Ingredients
Scale
- 1 ½–2 kg (3.3–4.4 lb) short ribs
- 4 tbsp cooking oil
- 1 bottle (750 ml / 25 fl oz) red wine
- 2 dl (¾ cup) unsweetened pomegranate juice
- 1 onion, chopped
- 1 leek, white part only, chopped
- 1 carrot, sliced
- 1 parsnip, sliced
- 1 red bell pepper, chopped
- 1 red chili pepper, sliced
- 5 garlic cloves, chopped
- 2 tbsp tomato paste
- 1–1 ½ liters (4–6 cups) beef stock
- 2 tbsp miso paste
- 2 sprigs rosemary
- 3–4 sprigs thyme
- Salt, to taste
Instructions
- Pour the red wine into a pot and bring to a boil. Let it reduce until about ⅓ of the original volume remains. Add the pomegranate juice and let it simmer for a few more minutes. Set aside.
- If the short ribs are not already cut, divide them between the bones.
- Salt the meat generously on all sides.
- Heat 2 tbsp cooking oil in a frying pan over high heat. Sear the ribs on all sides until well browned. Set aside.
- In a deep oven-safe pot, heat the remaining 2 tbsp cooking oil and sauté the onion until softened.
- Add the leek and sauté for a few minutes.
- Add the carrot, parsnip, bell pepper, and chili pepper. Stir and sauté for about a minute.
- Add the tomato paste and garlic, mix well, and let it cook for a few minutes to develop flavor.
- Add the reduced wine and pomegranate juice, the beef stock, and the miso paste. Stir to combine.
- Season gently with salt. Adjust later if needed.
- Add the short ribs to the pot along with any juices that have collected. Add the rosemary and thyme.
- Cut a piece of parchment paper slightly larger than the pot. Fold it in half, then in half again to form a triangle, and fold again into a narrow wedge. Measure from the center of the pot to the edge and trim the wedge to that length. Cut off a very small piece of the tip.
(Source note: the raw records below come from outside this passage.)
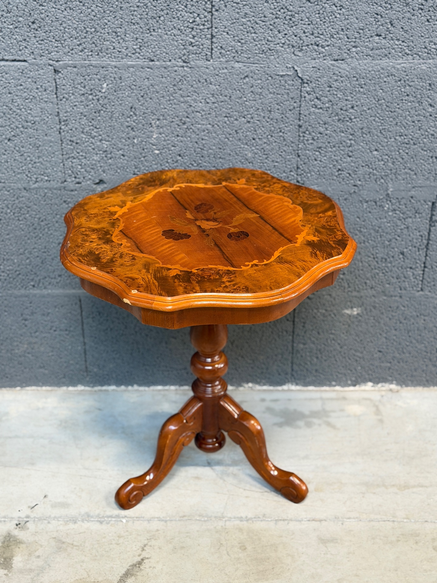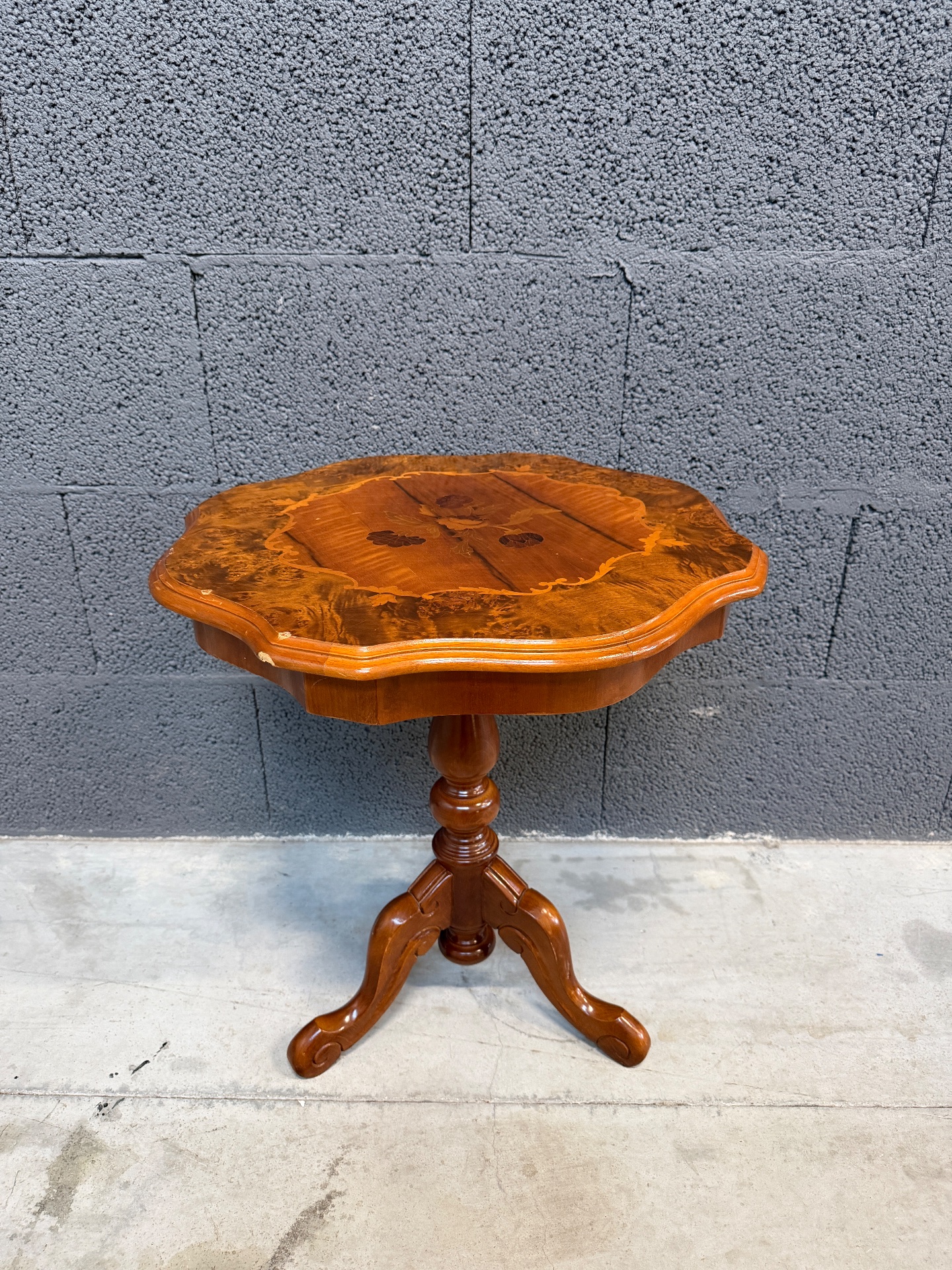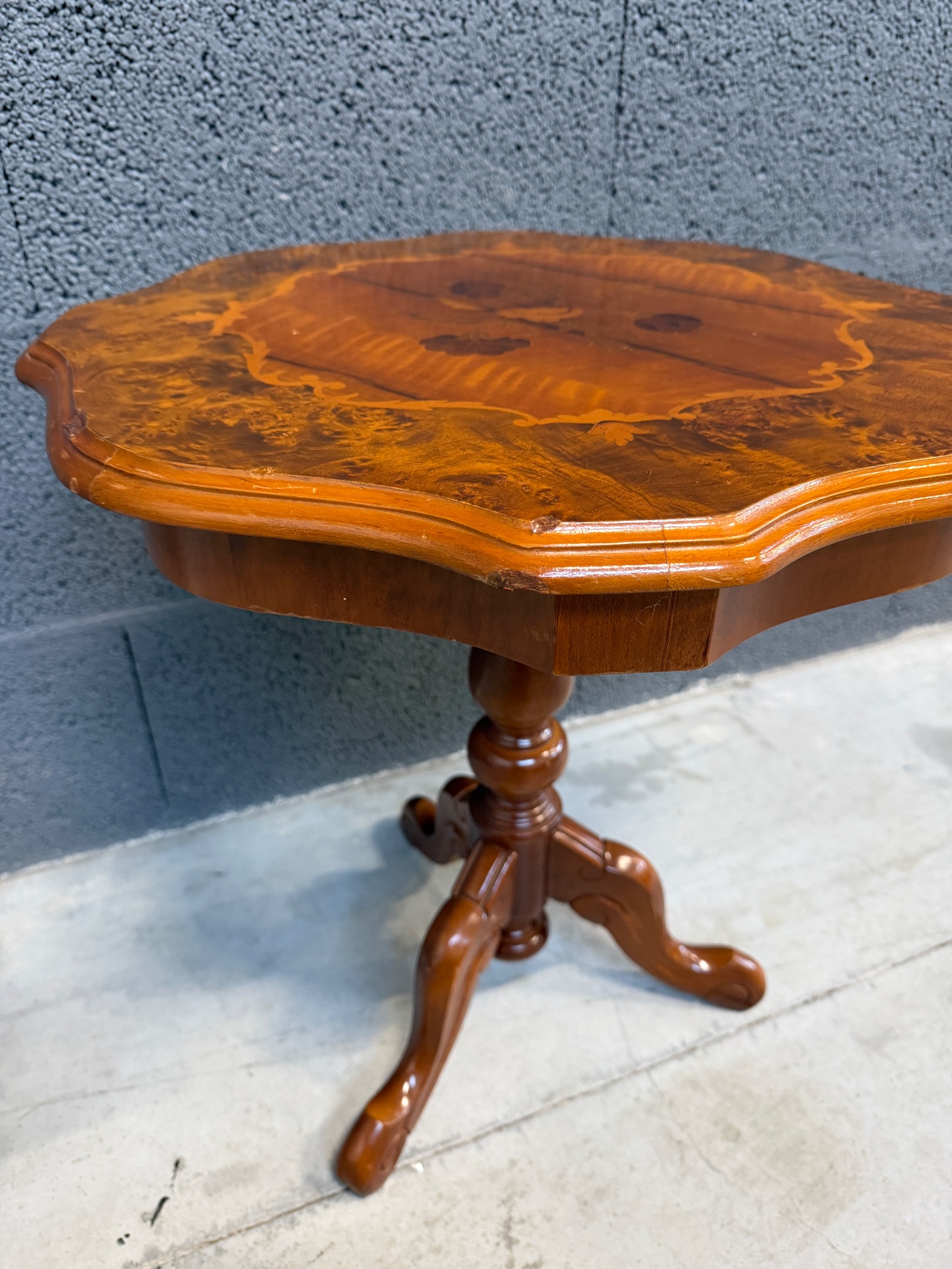 Kena vormiga pähklipuust lauake. Leidub kulumis- ja kasutusjälgi.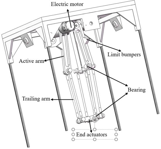 The parallel robotic arm in Figure 4 comprises several key components: The electric motor receives and converts control signals from the motor driver to drive the active arm movement. Limit bumpers trigger the limit switch through physical contact when the robot arm reaches its limit position, ensuring the safety control of the movement range. The active arm, powered by the drive device, executes core motion commands and drives follower parts to perform precise tasks like positioning, gripping, and handling. The trailing arm transmits the movement and force from the active arm, assisting in precise positioning and stabilizing the end effector while enhancing the overall structural rigidity and coordination. Bearings support moving parts, reduce friction, and ensure flexible, high-precision relative motion between chains, maintaining stability and coordinated movement. Finally, end actuators make direct contact with the object, performing specific tasks such as grasping, processing, and inspection.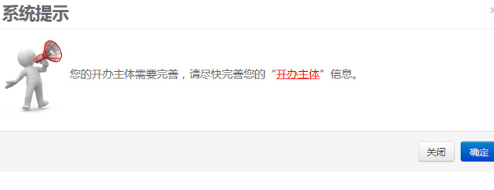 對首次登錄系統的用戶,系統會自動彈出提示信息,提示您先填寫開辦主體信息。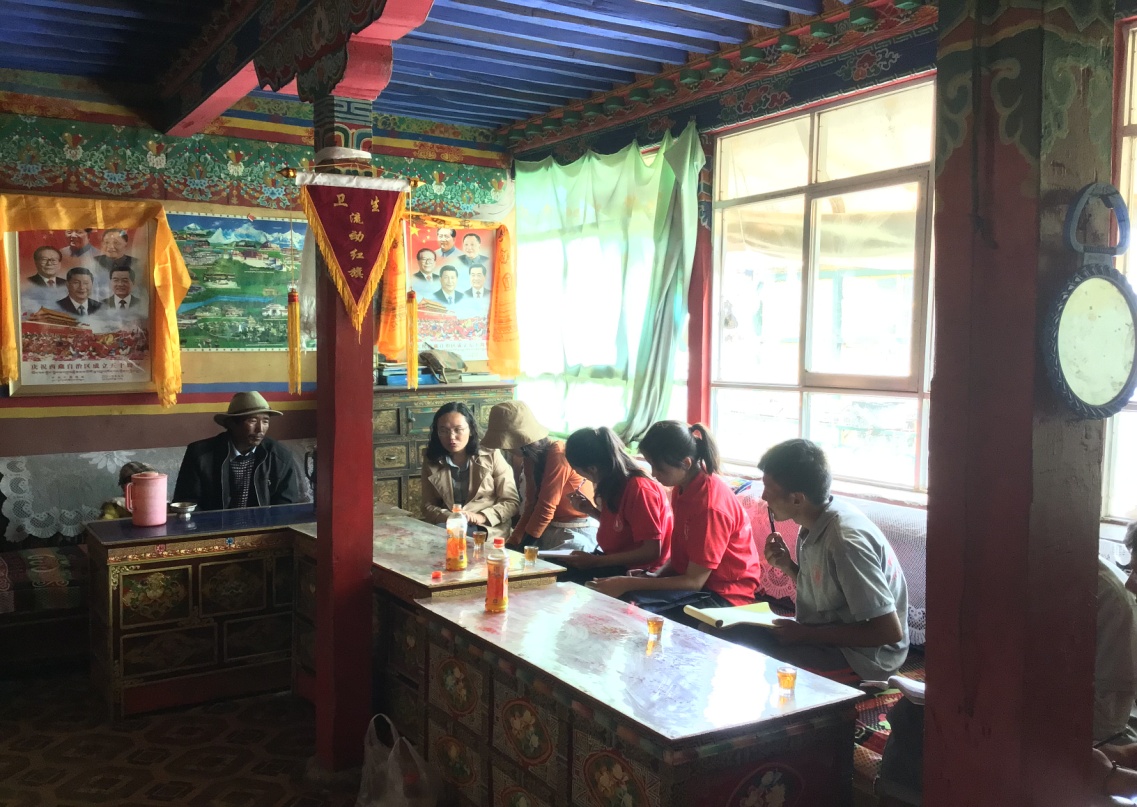 由于日喀则市高寒缺氧,地广人稀,县城之间路途遥远,调研团队几乎每天都是早上7点开始一天的行程,晚上才回到住地,还要进行总结讨论,分享个人心得,安排第二天走访计划,凌晨1点才能休息。即便是这样,有的时候一天也只能走访一个学生的家庭。受访学生家庭所在地平均海拔4300米,调研团队沿途翻越了几座海拔将近5000米的大山,绕过被雨水冲刷掉的小桥,车辆好几次都在陷在泥泞的道路里无法前行,卓玛老师带领志愿者同学坚持走完了能够到达的学生家庭,为他们送去了学校的温暖。走访途中,我们更是见证了扶贫成效,一幢幢藏式小楼拔地而起,一条条水泥铺成的马路直接通到了村里……这些变化让志愿者同学更加深刻地感受到了共产党为人民谋幸福的初心。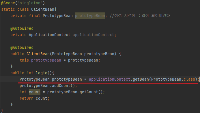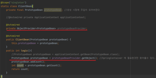 - 가장 간단한 방법은 싱글톤 빈이 프로토타입을 사용할 때 마다 스프링 컨테이너에 새로 요청하는 것이다.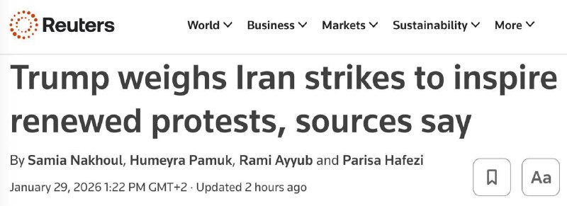 🇺🇸🇮🇷Trump is considering launching targeted strikes against the leadership and security forces of Iran to inspire protesters to seize government buildings, Reuters reports, citing sources.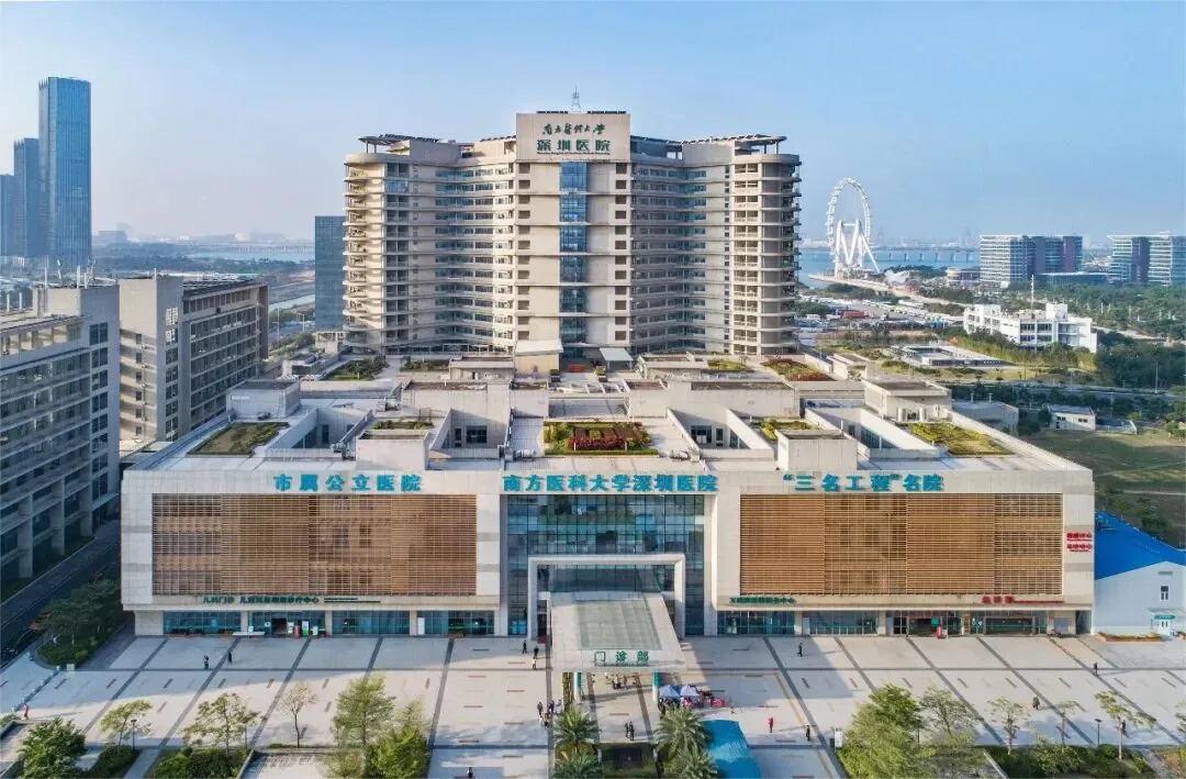 南方医科大学深圳医院是深圳“三名工程”引进的首个落地“名院”项目,2015年12月开业,是深圳市政府与南方医科大学(原第一军医大学)合作打造的市属综合性公立三级甲等医院。医院占地8.2万㎡,总规划床位2500张。一期已展开床位超过1000张,二期工程已于2023年启动,将新增1500张床位。

Place the parchment directly on the surface of the liquid to form a cartouche.
- Cover the pot with a lid, leaving it slightly open.
- Braise in the oven at 140°C (285°F) for 4 hours.
- Remove from the oven and let rest for 30 minutes.
- If desired, strain the sauce and simmer it in a pot to reduce and thicken slightly before serving.